HER family kinase domain mutations promote tumor progression and can predict response to treatment in human breast cancer
D.R. Boulbes, S.T. Arold, G.V. Chauhan, K.V. Blachno, N. Deng, W.C. Chang, Q. Jin, T.H. Huang, J.M. Hsu, S.W. Brady, C. Bartholomeusz, J.E. Ladbury, S. Stone, D. Yu, M.C. Hung, F.J. Esteva
Mol. Oncol., 9(3),
pp. 586-600, (2015)
HER family mutation; Kinase domain; Lapatinib; Drug resistance; Biomarker
Resistance to HER2-targeted therapies remains a major obstacle in the treatment of HER2-overexpressing breast cancer. Understanding the molecular pathways that contribute to the development of drug resistance is needed to improve the clinical utility of novel agents, and to predict the success of targeted personalized therapy based on tumor-specific mutations. Little is known about the clinical significance of HER family mutations in breast cancer. Because mutations within HER1/EGFR are predictive of response to tyrosine kinase inhibitors (TKI) in lung cancer, we investigated whether mutations in HER family kinase domains are predictive of response to targeted therapy in HER2-overexpressing breast cancer.

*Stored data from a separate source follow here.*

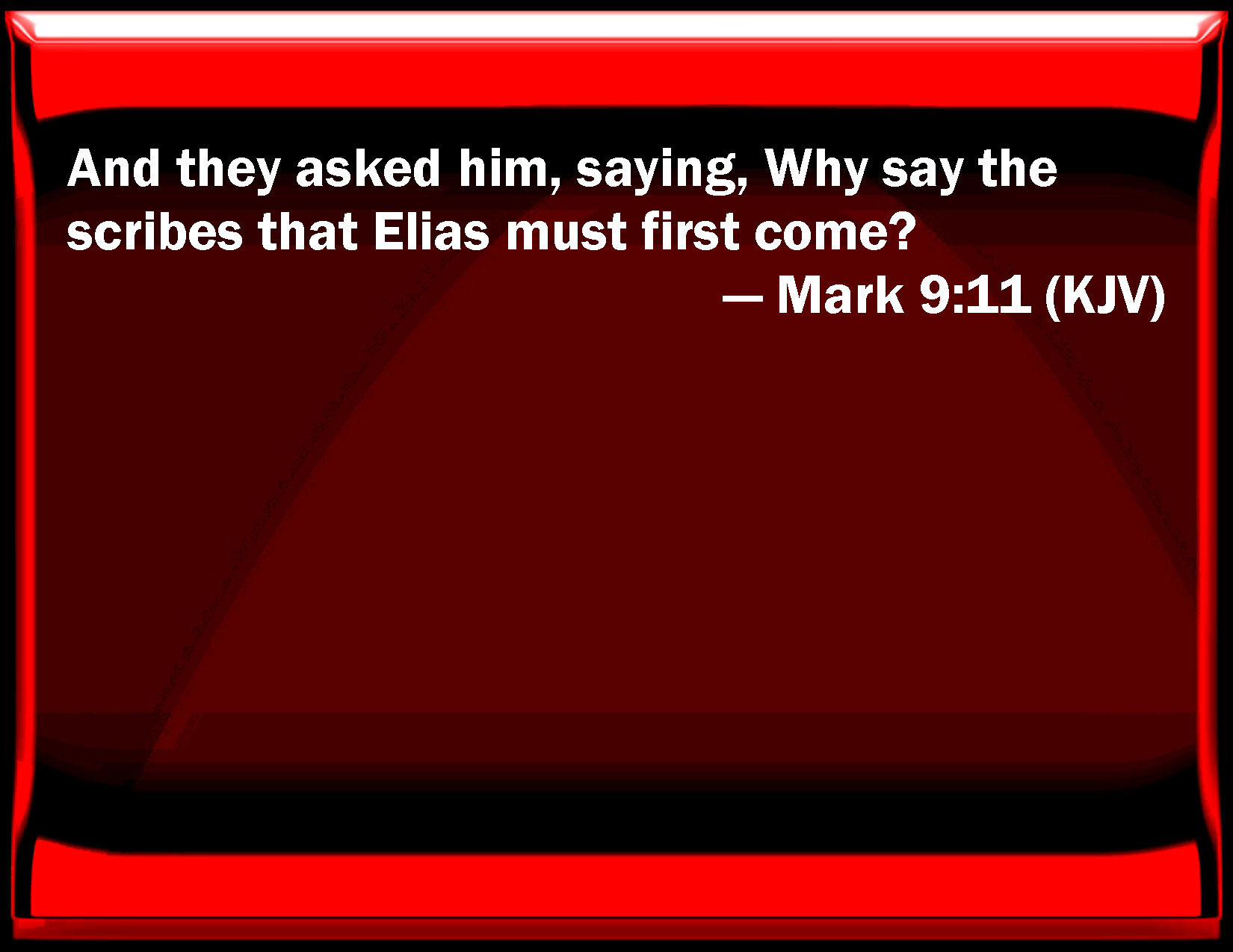Bible Verse Slide Mark 9:11 And they asked him, saying, Why say the scribes that Elias must first come? KJV: And they asked him, saying, Why say the scribes that Elias must first come? DRB: And they asked him, saying: Why then do the Pharisees and scribes say that Elias must come first? DBT: And they asked him saying, Why do the scribes say that Elias must first have come? ERV: And they asked him, saying, The scribes say that Elijah must first come. WBT: And they asked him, saying, Why say the scribes that Elijah must first come? WEB: They asked him, saying, "Why do the scribes say that Elijah must come first?" YLT: And they were questioning him, saying, that the scribes say that Elijah it behoveth to come first.Links Mark 9:11 NIV • Mark 9:11 NLT • Mark 9:11 ESV • Mark 9:11 NASB • Mark 9:11 KJV • Mark 9:11 Interlinear • Mark 9:11 Commentaries • Mark 9:11 Parallel Texts • Mark 9:11 Bible Apps • Mark 9:11 Parallel • Bible Hub |
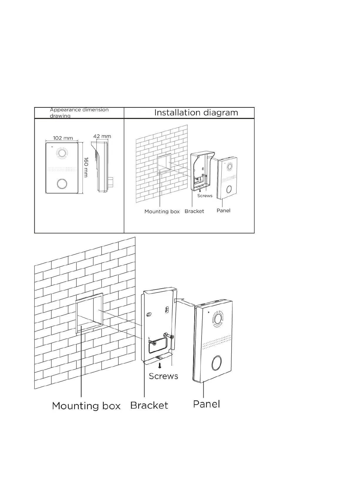 Before mounting the door panel, a hole or recess in the wall with dimensions of 20 × 50 × 60
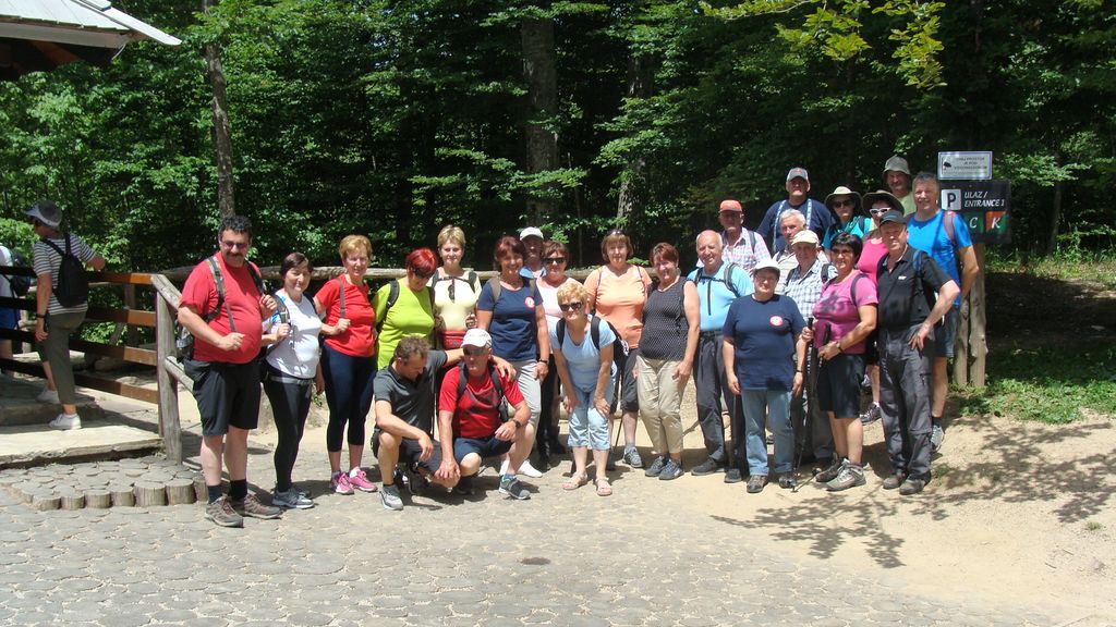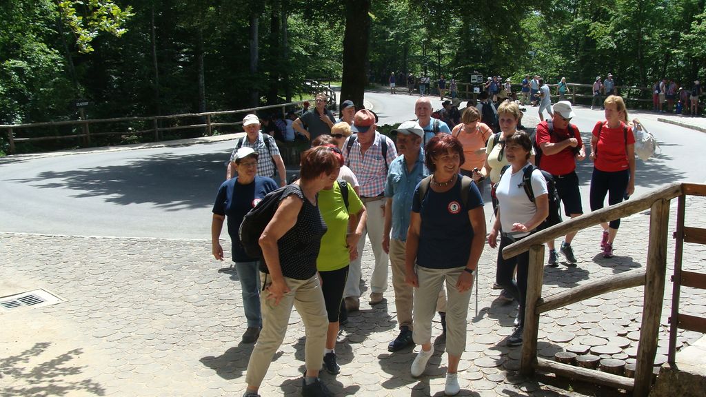 Za izlete v tujino v našem društvu že nekaj let vlada izredno zanimanje, tokrat se nas je na pot odpravilo kar 58. Ker se planinske ture običajno začenjajo v zgodnjih jutranjih urah, tudi tokrat ni bilo nič drugače. Ob 4.00 smo bili polni pričakovanj nameščeni v svojih sedežih na avtobusu, ki je takoj nato krenil na pot v smeri Rogatec-Karlovac-Slunj. Tu smo se ustavili na parkirišču gostilne Feniks in si privoščili zajtrk iz prtljažnika, spili kavico ter vonjali naše popoldansko kosilo. Jagenčki in odojki so se namreč že vrteli na žaru.
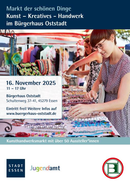 Kunsthandwerksmarkt im Bürgerhaus Oststadt, Essen am 16.11.25 von 11-17 Uhr: Über 50 Ausstellerinnen und Aussteller mit regionalem Bezug präsentieren buntes Handwerk, einzigartige Schmuckstücke, Keramik, Textilkunst, Holzarbeiten und mehr. Entdecken Sie regionale Kunst, erfahren Sie Hintergründe aus erster Hand und finden Sie besondere, handgefertigte Schätze. Für das leibliche Wohl ist ebenfalls gesorgt. Kommen Sie vorbei und unterstützen Sie lokale Kreativszene!
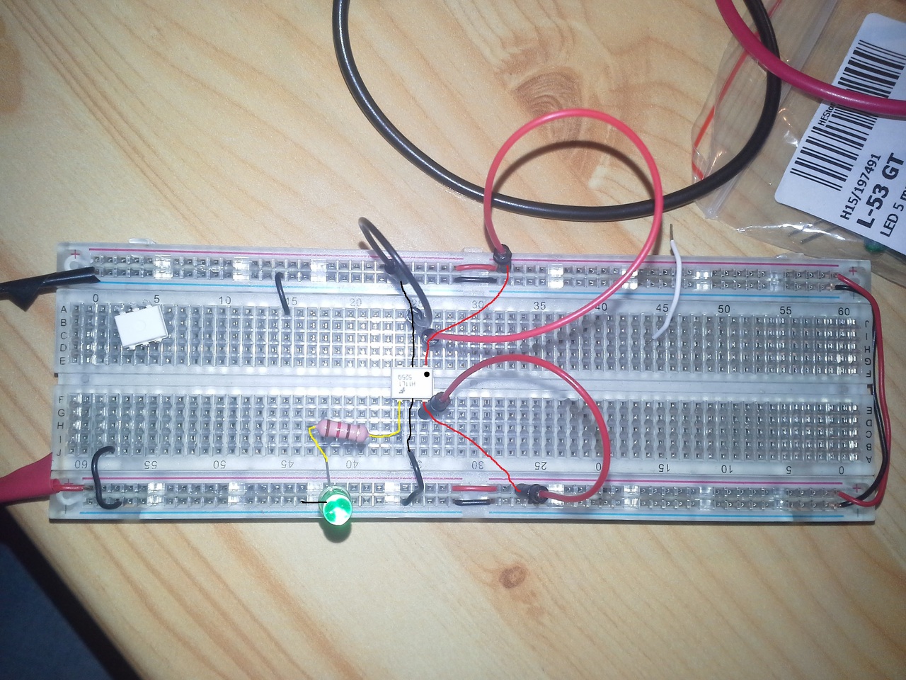 Próbálok működésre bírni egy H11L1M optocsatolót, de nem sok sikerrel. A mellékelt képen látható a próbapanelen összedugdosott áramkör. "Számításaim" szerint ebben az állapotban a lednek égnie kéne, de nem így tesz. A feszültség 5V. Mit rontok el? A hozzászólás módosítva: Feb 26, 2016
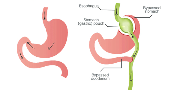 تغيير مسار الأمعاء الدقيقة: يتم تغيير مسار الأمعاء الدقيقة لتقليل امتصاص السعرات الحرارية.
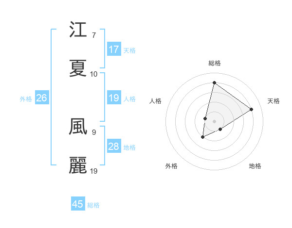 江夏 風麗さんの総格は45画の4点!

We sequenced the HER family kinase domains from 76 HER2-overexpressing invasive carcinomas and identified 12 missense variants. Patients whose tumors carried any of these mutations did not respond to HER2 directed therapy in the metastatic setting. We developed mutant cell lines and used structural analyses to determine whether changes in protein conformation could explain the lack of response to therapy. We also functionally studied all HER2 mutants and showed that they conferred an aggressive phenotype and altered effects of the TKI lapatinib. Our data demonstrate that mutations in the finely tuned HER kinase domains play a critical function in breast cancer progression and may serve as prognostic and predictive markers.